DATA TO EXAMINE section start

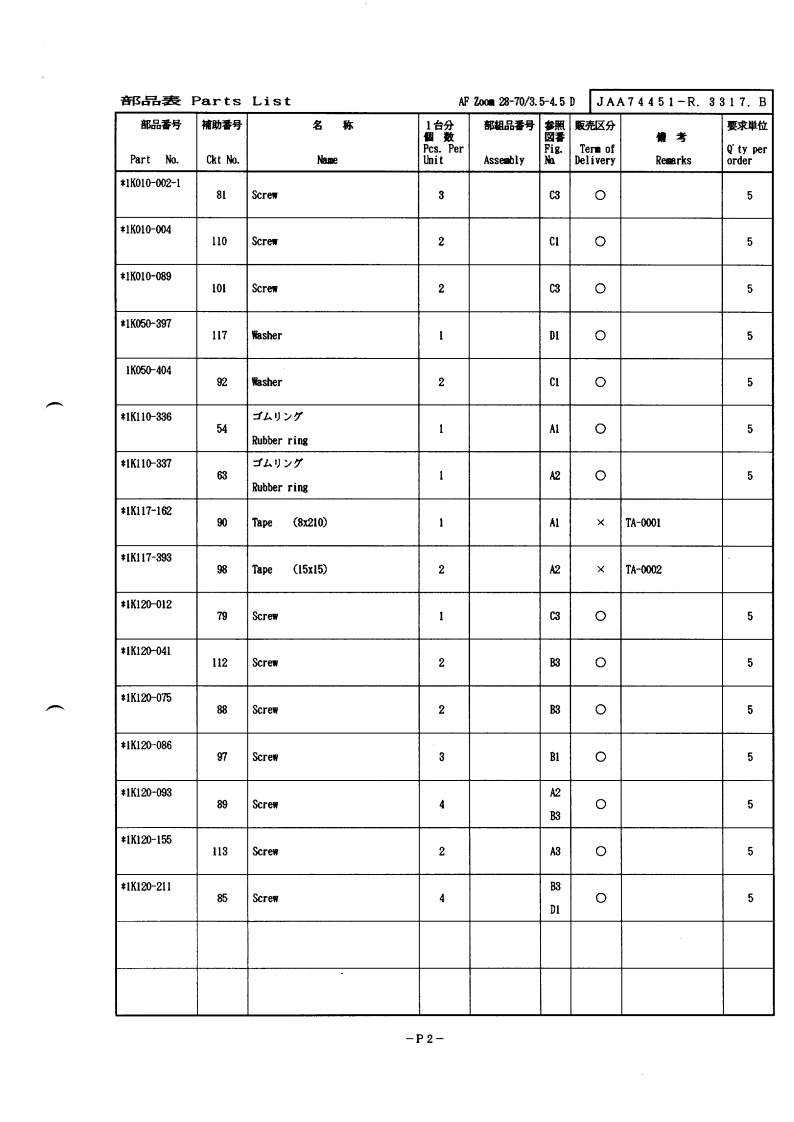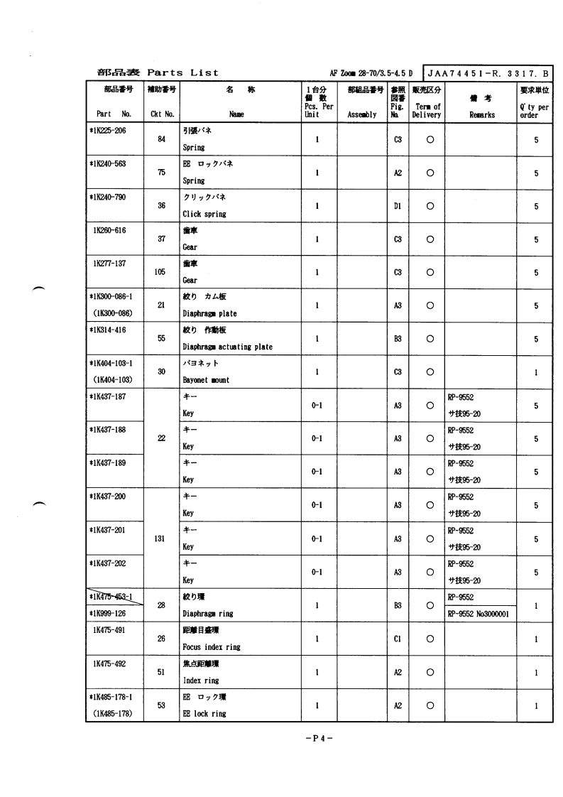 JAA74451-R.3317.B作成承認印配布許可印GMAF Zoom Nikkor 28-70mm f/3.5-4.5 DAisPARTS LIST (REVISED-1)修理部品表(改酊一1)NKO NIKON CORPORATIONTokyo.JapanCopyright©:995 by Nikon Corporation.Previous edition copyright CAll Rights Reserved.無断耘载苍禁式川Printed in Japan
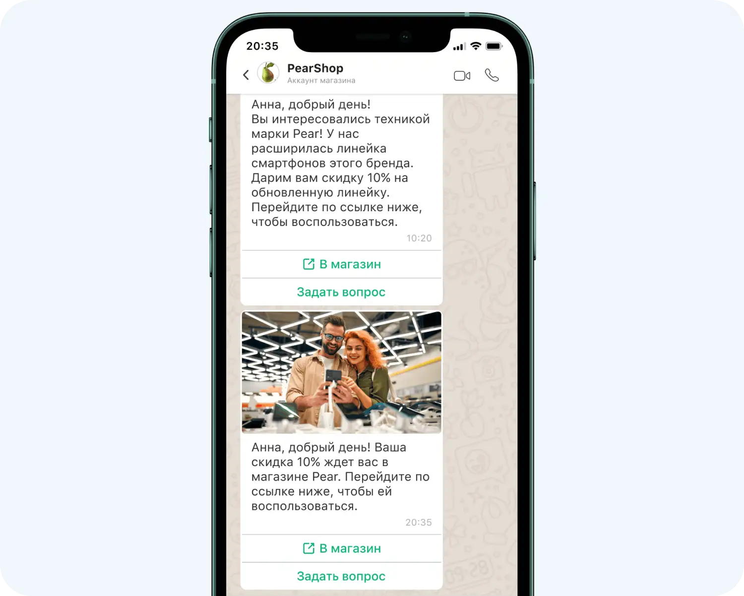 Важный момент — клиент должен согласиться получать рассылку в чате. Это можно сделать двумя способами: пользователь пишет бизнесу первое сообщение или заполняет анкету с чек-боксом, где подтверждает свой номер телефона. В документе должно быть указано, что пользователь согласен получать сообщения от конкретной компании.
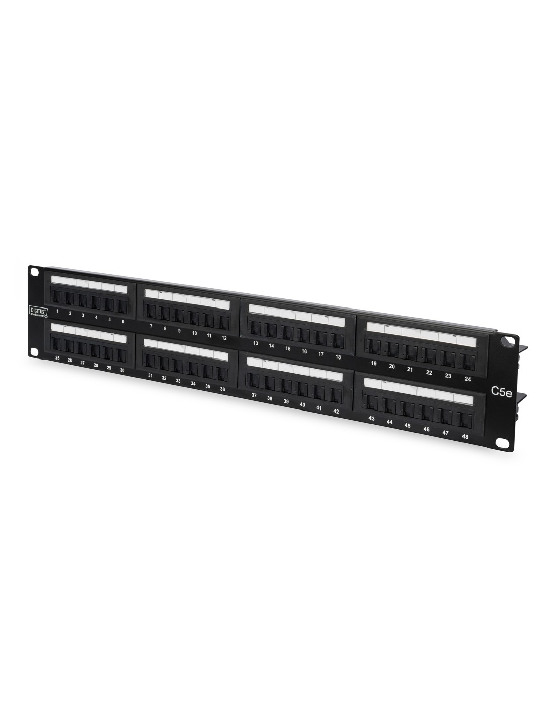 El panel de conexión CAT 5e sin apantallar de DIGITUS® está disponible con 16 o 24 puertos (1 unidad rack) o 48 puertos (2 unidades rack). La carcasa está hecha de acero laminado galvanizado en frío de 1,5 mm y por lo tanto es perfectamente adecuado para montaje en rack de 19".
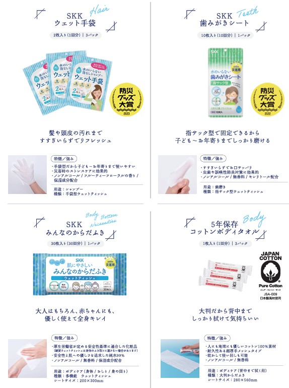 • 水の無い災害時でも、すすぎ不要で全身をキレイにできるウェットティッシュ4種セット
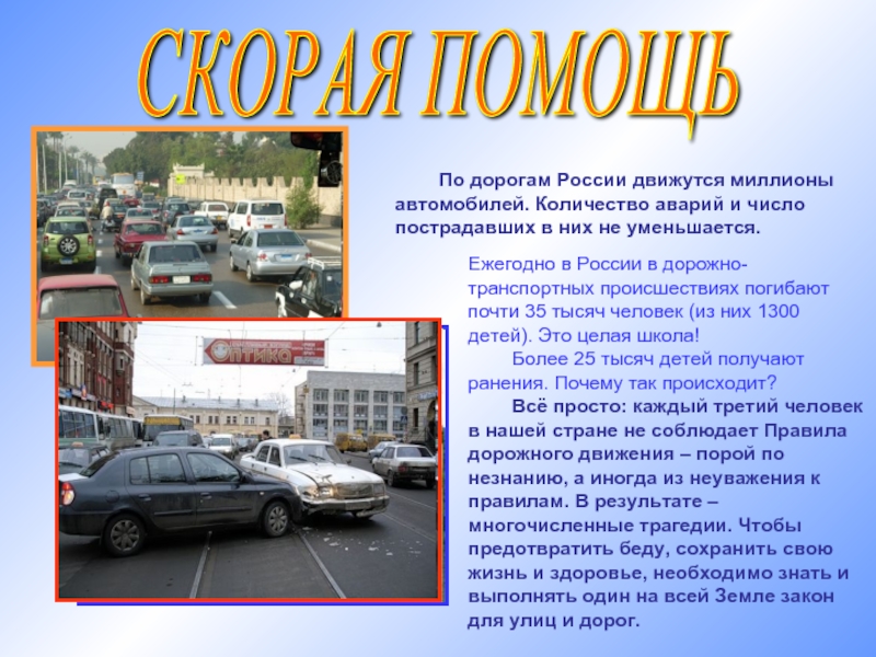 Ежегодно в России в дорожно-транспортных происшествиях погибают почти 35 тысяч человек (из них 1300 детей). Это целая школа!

DATA TO EXAMINE section end

Please transcribe each line above exactly, but leave the images out.

 JAA74451-R.3317.B作成承認印配布許可印GMAF Zoom Nikkor 28-70mm f/3.5-4.5 DAisPARTS LIST (REVISED-1)修理部品表(改酊一1)NKO NIKON CORPORATIONTokyo.JapanCopyright©:995 by Nikon Corporation.Previous edition copyright CAll Rights Reserved.無断耘载苍禁式川Printed in Japan
 Важный момент — клиент должен согласиться получать рассылку в чате. Это можно сделать двумя способами: пользователь пишет бизнесу первое сообщение или заполняет анкету с чек-боксом, где подтверждает свой номер телефона. В документе должно быть указано, что пользователь согласен получать сообщения от конкретной компании.
 El panel de conexión CAT 5e sin apantallar de DIGITUS® está disponible con 16 o 24 puertos (1 unidad rack) o 48 puertos (2 unidades rack). La carcasa está hecha de acero laminado galvanizado en frío de 1,5 mm y por lo tanto es perfectamente adecuado para montaje en rack de 19".
 • 水の無い災害時でも、すすぎ不要で全身をキレイにできるウェットティッシュ4種セット
 Ежегодно в России в дорожно-транспортных происшествиях погибают почти 35 тысяч человек (из них 1300 детей). Это целая школа!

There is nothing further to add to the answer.